### Supplied records
===

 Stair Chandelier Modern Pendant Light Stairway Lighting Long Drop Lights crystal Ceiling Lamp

===

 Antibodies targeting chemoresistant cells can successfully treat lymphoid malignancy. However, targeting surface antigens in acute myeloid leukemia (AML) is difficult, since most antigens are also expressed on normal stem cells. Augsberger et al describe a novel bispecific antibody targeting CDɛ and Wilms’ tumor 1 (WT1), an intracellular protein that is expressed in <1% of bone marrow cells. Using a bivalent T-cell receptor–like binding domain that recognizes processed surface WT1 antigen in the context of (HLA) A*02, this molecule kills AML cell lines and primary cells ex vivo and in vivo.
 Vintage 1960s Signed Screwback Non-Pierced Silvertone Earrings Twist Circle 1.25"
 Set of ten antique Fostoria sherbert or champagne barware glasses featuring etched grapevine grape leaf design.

===

### Work required
What are the lines, exactly as written above, from the line with "Antibodies targeting chemoresistant" to the line with "Set of ten antique", both included? Output only those.

### Result of the task
 Antibodies targeting chemoresistant cells can successfully treat lymphoid malignancy. However, targeting surface antigens in acute myeloid leukemia (AML) is difficult, since most antigens are also expressed on normal stem cells. Augsberger et al describe a novel bispecific antibody targeting CDɛ and Wilms’ tumor 1 (WT1), an intracellular protein that is expressed in <1% of bone marrow cells. Using a bivalent T-cell receptor–like binding domain that recognizes processed surface WT1 antigen in the context of (HLA) A*02, this molecule kills AML cell lines and primary cells ex vivo and in vivo.
 Vintage 1960s Signed Screwback Non-Pierced Silvertone Earrings Twist Circle 1.25"
 Set of ten antique Fostoria sherbert or champagne barware glasses featuring etched grapevine grape leaf design.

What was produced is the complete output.